**Required action:** Omit the pictures, and output the rest of the entries exactly as written.

Recorded data:
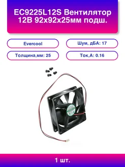 1шт. Ec9225l12s Вентилятор 12В 92х92х25мм подш. скольжения
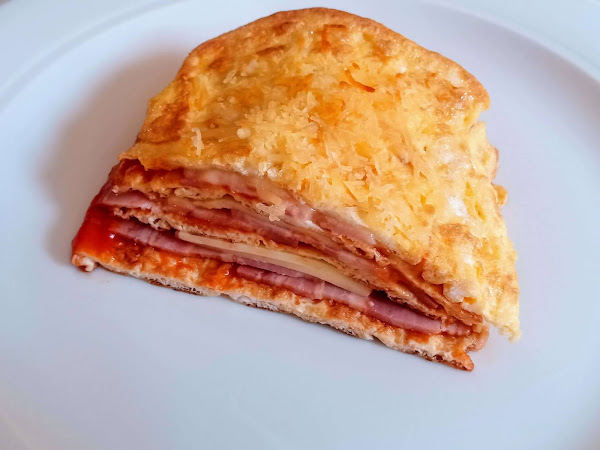 Ponemos a calentar el grill del horno. En una fuente ponemos una capa de tortilla, un par de cucharadas de salsa de tomate, una loncha de queso y dos de bacon. Colocamos otra tortilla y repetimos haciendo capas.
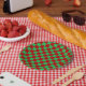 Abstrakte digitale Kunst von roten und grünen Quadraten in einer karierten Formation. Mit der Möglichkeit, die rosa Quadrate zu ändern, indem Sie die Hintergrundfarbe so ändern, dass sie den roten Quadraten entspricht.
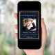 A dark blue background, a faux gold frame . Personalise and add a photo, name, dates and your text. White text.
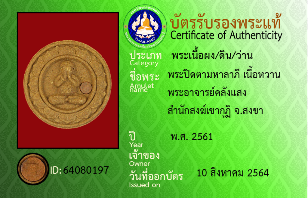 Amulet name : Phra Pit Tam Ha La Phi Phra Achan Khlang Saeng,Samnaksong Khao Kuti, Songkhla
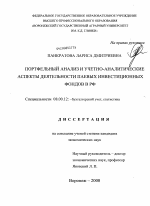 Научная новизна диссертационного исследования состоит в теоретико-методическом обосновании, практической разработке и решении комплекса вопросов, связанных с совершенствованием методик анализа и бухгатерского учета в паевых инвестиционных фондах.
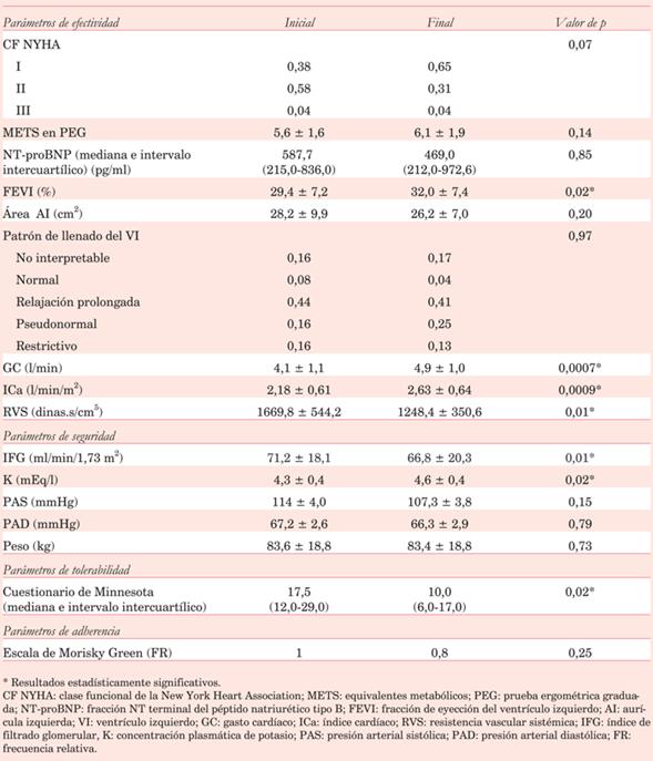 Se midieron variables clínicas de efectividad (clase funcional y capacidad funcional al ejercicio), humorales (NT-ProBNP) y parámetros estructurales y hemodinámicos obtenidos por ecocardiografía Doppler (FEVI, área auricular izquierda, patrón de llenado transmitral, gasto cardíaco [GC], índice cardíaco [ICa] y resistencia vascular sistémica [(RVS]). Además se obtuvieron datos sobre seguridad (eventos adversos graves: necesidad de hospitalización por cualquier causa, muerte), tolerabilidad (percepción en el cuestionario de calidad de vida de Minnesota) y adherencia (escala de Morisky- Green)(11,12).
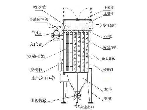 其結(jié)構(gòu)主要由過濾室、濾袋、凈氣室、灰斗、卸灰閥、脈沖噴吹清灰裝置、電控箱組成,箱體全部采用焊接結(jié)構(gòu)。檢修門用泡沫膠條密封,_除塵器嚴(yán)密不漏風(fēng)。
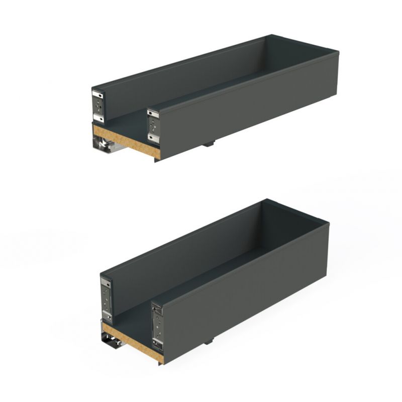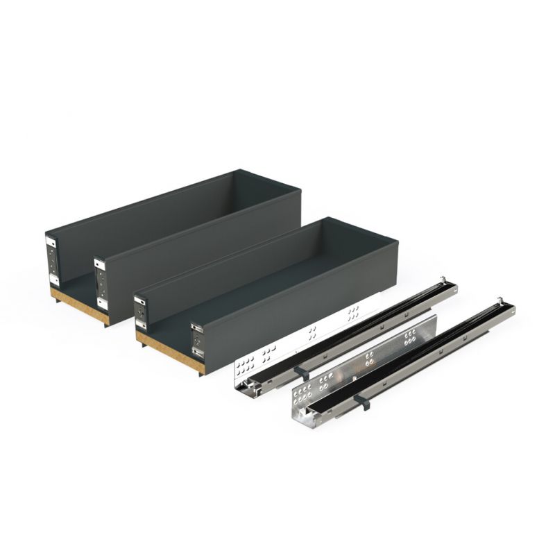 L'ensemble comprend les côtés complets (hauteur 122 mm et 88 mm) déjà assemblés, ainsi que les coulisses Silver-L à sortie totale et les plaques de recouvrement pour couvrir les réglages, garantissant ainsi une finition impeccable.
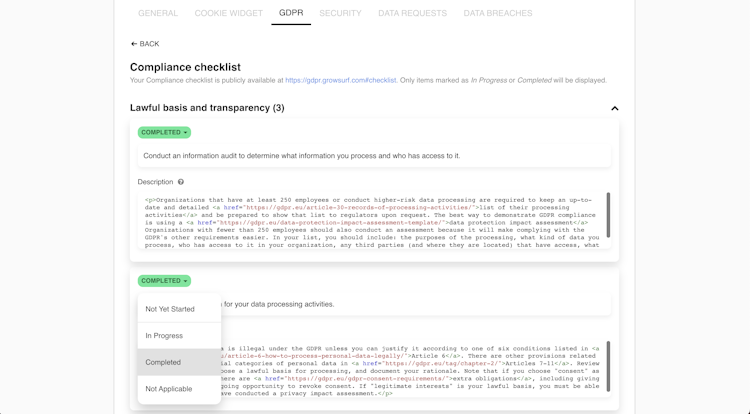 It lets answer common GDPR questions from prospects and customers through a self-service compliance portal. It allows users to showcase security and data protection practices. Managers can automatically streamline subject access requests.
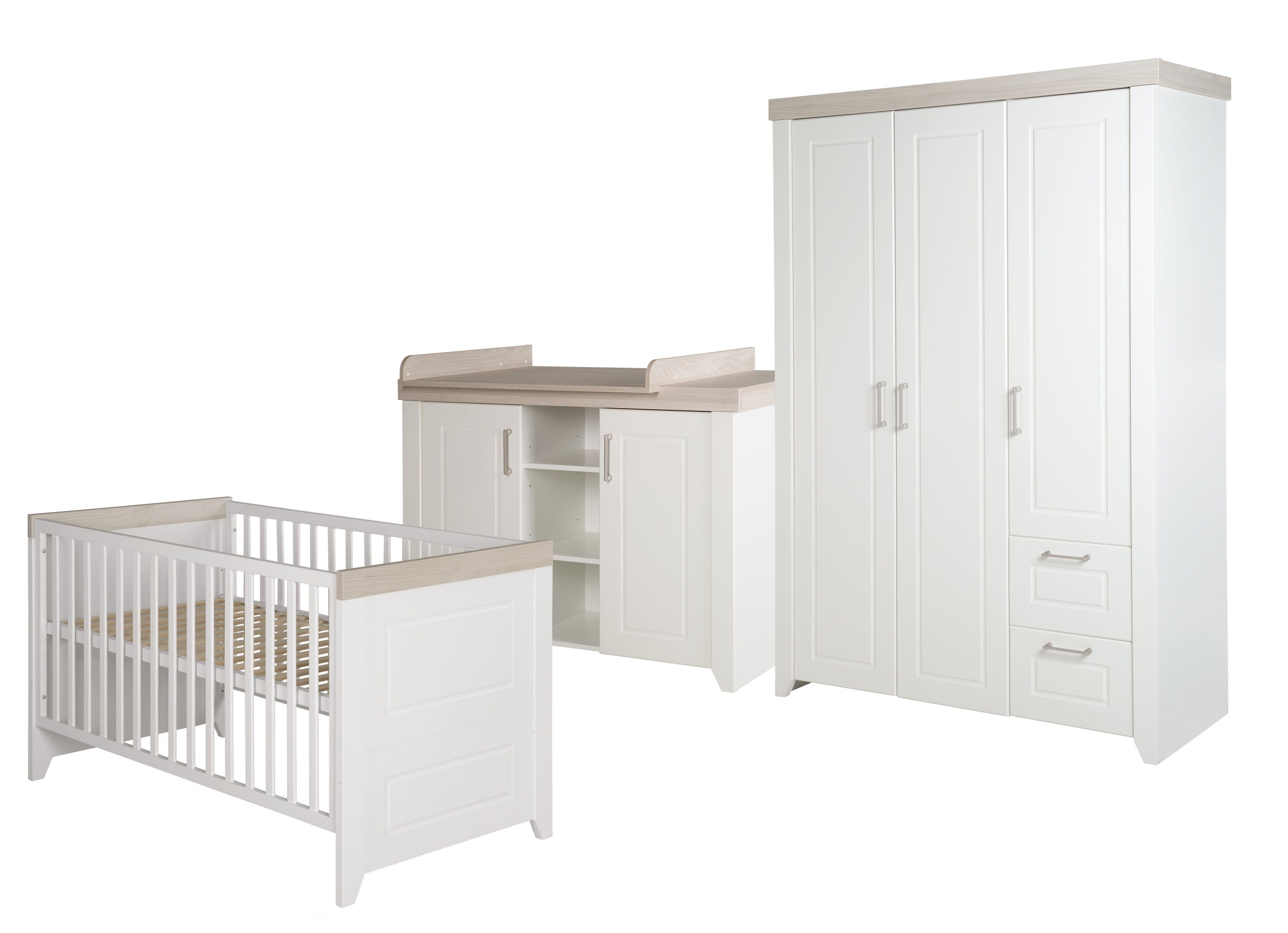 El armario de 3 puertas 'Felicia', con cuerpo en decorado 'Blanco' y frentes en 'Canadian White' con fresado en paneles, es el punto culminante en la habitación de un bebé o niño. La cornisa del armario infantil en decorado 'Luna Elm' y las patas cónicas completan el diseño. Detrás de las 3 puertas con elegantes pomos de metal plateado se esconde un gran espacio para almacenar calcetines, ropa interior, juguetes infantiles o libros. También los dos cajones y la barra para colgar incluida ofrecen mucho espacio para guardar ropa. Gracias a la tecnología Soft Close integrada, las puertas y los cajones se cierran suavemente y en silencio. Los paneles traseros ranurados garantizan una fácil instalación y los soportes metálicos en el suelo brindan la estabilidad necesaria al armario. Este elegante armario de 3 puertas se puede combinar perfectamente con otros muebles para bebés y niños de la serie 'Felicia' para crear una habitación para bebés completamente amueblada, con muebles que crecen con el tiempo. El armario para la habitación del bebé fue desarrollado en Alemania, producido en la UE y es fácil de montar. (H x B x T): 199 x 138,5 x 52,5 cm.
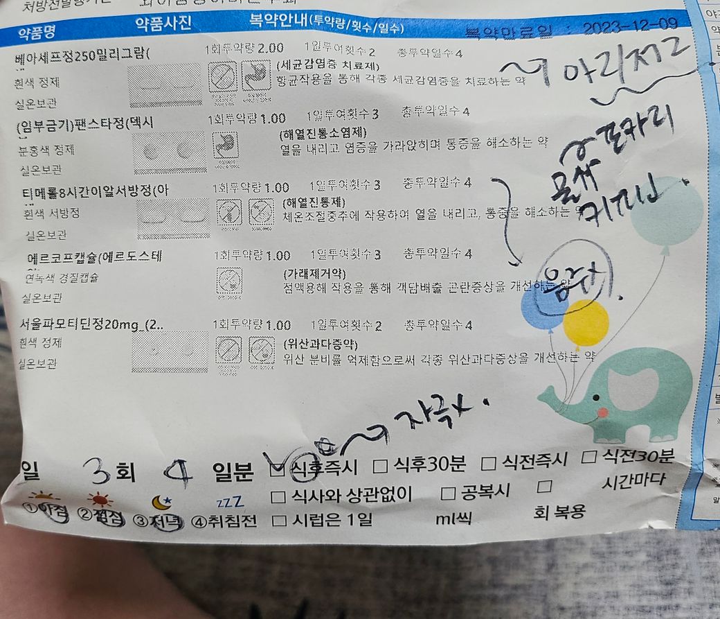 처방전이 아니라 약봉투에 적혀 있습니다...
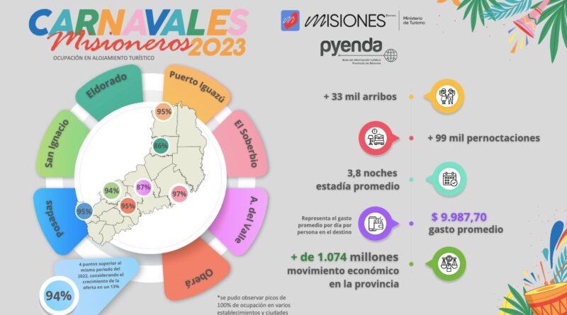 El fin de semana XXL de Carnaval generó un movimiento económico de 1.074 millones de pesos en Misiones, según la medición del Ministerio de Turismo local.
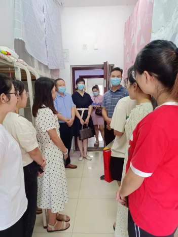 9月16日,我院党委书记刘百超、院长涂友超、党委副书记张丽及全体辅导员一行到学生公寓看望假期留校考研的学生,并为学生们带去慰问品。
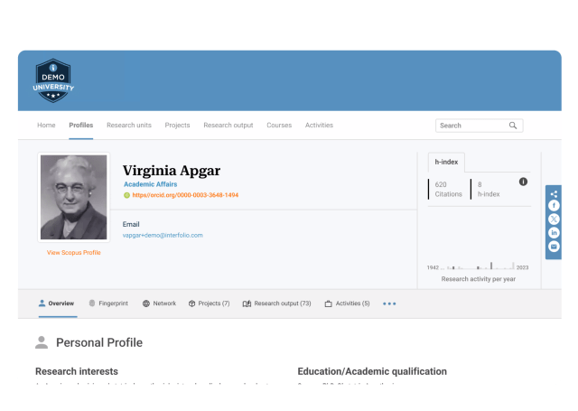 Powered by Faculty Activity Reporting, Interfolio Faculty Web Profiles help faculty tell their academic story with ease.
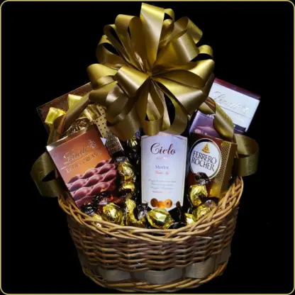 U središtu poklon korpe nalazi se Cielo Merlot – suvo italijansko vino, sa bogatim aromama crvenog voća, diskretnim začinskim notama i baršunastim završetkom. Ovo vino dolazi iz vinograda Veneta, poznatih po tradiciji koja traje više od 100 godina. Elegantno i pitko, odlično se slaže uz čokoladu i uživanje bez žurbe.
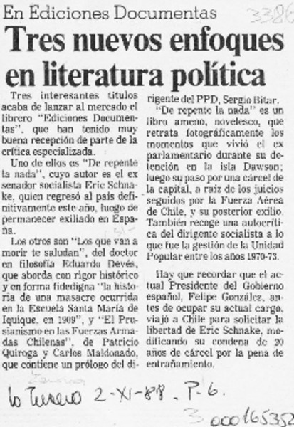 Cuadra, Fernando - Autores peruanos - La estructura dramático-teatral - BRYCE ECHENIQUE, ALFREDO - Autores españoles - Autores chilenos - VAZQUEZ MONTALBAN, MANUEL - UMBRAL, FRANCISCO - SCHNAKE, ERICH - CRONICAS PERSONALES - NADA EN EL DOMINGO - HISTORIAS DE POLITICA FICCION - DE IMPROVISO LA NADA
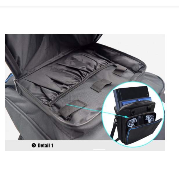 Có chia ngăn riêng đựng body PS4, 2 tay cầm, đĩa game, dây cáp các loại tiện mang đi mang lại.
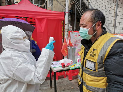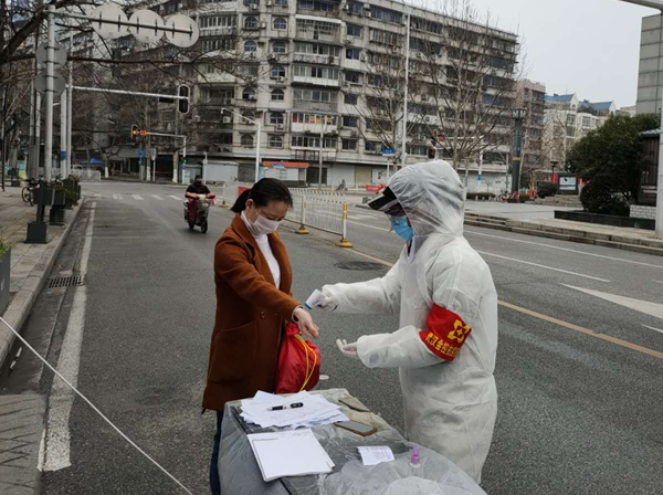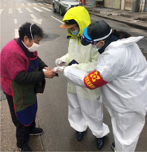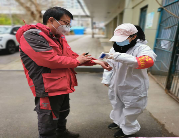 2月19日,集团机关突击队杨梦涯、周阳等同志值守唐家墩街西桥社区三眼桥一村。在上午劝返进出人员时,有一名居民未能出示有效证明且坚持外出,两位女突击队员与组长一起,动之以情、晓之以理,坚决阻止,并要求其配合测量体温,经连续几次测量,均显示发热。突击队员立即联系社区相关负责人,在突击队员登记该居民姓名和联系方式后,社区安排其前往新华医院作检查,被医院诊断其左肺感染,为疑似病例。2月20日,突击队员本着高度的责任感,继续跟踪病人妻子的健康状况,对其测量体温,在发现有发热症状后,立即向社区相关负责人报告,病人妻子迅速被社区工作人员带走隔离,女队员们特有的细心和勇敢,及时阻断了病毒传播链条。

**Your solution:**
 1шт. Ec9225l12s Вентилятор 12В 92х92х25мм подш. скольжения
 Ponemos a calentar el grill del horno. En una fuente ponemos una capa de tortilla, un par de cucharadas de salsa de tomate, una loncha de queso y dos de bacon. Colocamos otra tortilla y repetimos haciendo capas.
 Abstrakte digitale Kunst von roten und grünen Quadraten in einer karierten Formation. Mit der Möglichkeit, die rosa Quadrate zu ändern, indem Sie die Hintergrundfarbe so ändern, dass sie den roten Quadraten entspricht.
 A dark blue background, a faux gold frame . Personalise and add a photo, name, dates and your text. White text.
 Amulet name : Phra Pit Tam Ha La Phi Phra Achan Khlang Saeng,Samnaksong Khao Kuti, Songkhla
 Научная новизна диссертационного исследования состоит в теоретико-методическом обосновании, практической разработке и решении комплекса вопросов, связанных с совершенствованием методик анализа и бухгатерского учета в паевых инвестиционных фондах.
 Se midieron variables clínicas de efectividad (clase funcional y capacidad funcional al ejercicio), humorales (NT-ProBNP) y parámetros estructurales y hemodinámicos obtenidos por ecocardiografía Doppler (FEVI, área auricular izquierda, patrón de llenado transmitral, gasto cardíaco [GC], índice cardíaco [ICa] y resistencia vascular sistémica [(RVS]). Además se obtuvieron datos sobre seguridad (eventos adversos graves: necesidad de hospitalización por cualquier causa, muerte), tolerabilidad (percepción en el cuestionario de calidad de vida de Minnesota) y adherencia (escala de Morisky- Green)(11,12).
 其結(jié)構(gòu)主要由過濾室、濾袋、凈氣室、灰斗、卸灰閥、脈沖噴吹清灰裝置、電控箱組成,箱體全部采用焊接結(jié)構(gòu)。檢修門用泡沫膠條密封,_除塵器嚴(yán)密不漏風(fēng)。
 L'ensemble comprend les côtés complets (hauteur 122 mm et 88 mm) déjà assemblés, ainsi que les coulisses Silver-L à sortie totale et les plaques de recouvrement pour couvrir les réglages, garantissant ainsi une finition impeccable.
 It lets answer common GDPR questions from prospects and customers through a self-service compliance portal. It allows users to showcase security and data protection practices. Managers can automatically streamline subject access requests.
 El armario de 3 puertas 'Felicia', con cuerpo en decorado 'Blanco' y frentes en 'Canadian White' con fresado en paneles, es el punto culminante en la habitación de un bebé o niño. La cornisa del armario infantil en decorado 'Luna Elm' y las patas cónicas completan el diseño. Detrás de las 3 puertas con elegantes pomos de metal plateado se esconde un gran espacio para almacenar calcetines, ropa interior, juguetes infantiles o libros. También los dos cajones y la barra para colgar incluida ofrecen mucho espacio para guardar ropa. Gracias a la tecnología Soft Close integrada, las puertas y los cajones se cierran suavemente y en silencio. Los paneles traseros ranurados garantizan una fácil instalación y los soportes metálicos en el suelo brindan la estabilidad necesaria al armario. Este elegante armario de 3 puertas se puede combinar perfectamente con otros muebles para bebés y niños de la serie 'Felicia' para crear una habitación para bebés completamente amueblada, con muebles que crecen con el tiempo. El armario para la habitación del bebé fue desarrollado en Alemania, producido en la UE y es fácil de montar. (H x B x T): 199 x 138,5 x 52,5 cm.
 처방전이 아니라 약봉투에 적혀 있습니다...
 El fin de semana XXL de Carnaval generó un movimiento económico de 1.074 millones de pesos en Misiones, según la medición del Ministerio de Turismo local.
 9月16日,我院党委书记刘百超、院长涂友超、党委副书记张丽及全体辅导员一行到学生公寓看望假期留校考研的学生,并为学生们带去慰问品。
 Powered by Faculty Activity Reporting, Interfolio Faculty Web Profiles help faculty tell their academic story with ease.
 U središtu poklon korpe nalazi se Cielo Merlot – suvo italijansko vino, sa bogatim aromama crvenog voća, diskretnim začinskim notama i baršunastim završetkom. Ovo vino dolazi iz vinograda Veneta, poznatih po tradiciji koja traje više od 100 godina. Elegantno i pitko, odlično se slaže uz čokoladu i uživanje bez žurbe.
 Cuadra, Fernando - Autores peruanos - La estructura dramático-teatral - BRYCE ECHENIQUE, ALFREDO - Autores españoles - Autores chilenos - VAZQUEZ MONTALBAN, MANUEL - UMBRAL, FRANCISCO - SCHNAKE, ERICH - CRONICAS PERSONALES - NADA EN EL DOMINGO - HISTORIAS DE POLITICA FICCION - DE IMPROVISO LA NADA
 Có chia ngăn riêng đựng body PS4, 2 tay cầm, đĩa game, dây cáp các loại tiện mang đi mang lại.
 2月19日,集团机关突击队杨梦涯、周阳等同志值守唐家墩街西桥社区三眼桥一村。在上午劝返进出人员时,有一名居民未能出示有效证明且坚持外出,两位女突击队员与组长一起,动之以情、晓之以理,坚决阻止,并要求其配合测量体温,经连续几次测量,均显示发热。突击队员立即联系社区相关负责人,在突击队员登记该居民姓名和联系方式后,社区安排其前往新华医院作检查,被医院诊断其左肺感染,为疑似病例。2月20日,突击队员本着高度的责任感,继续跟踪病人妻子的健康状况,对其测量体温,在发现有发热症状后,立即向社区相关负责人报告,病人妻子迅速被社区工作人员带走隔离,女队员们特有的细心和勇敢,及时阻断了病毒传播链条。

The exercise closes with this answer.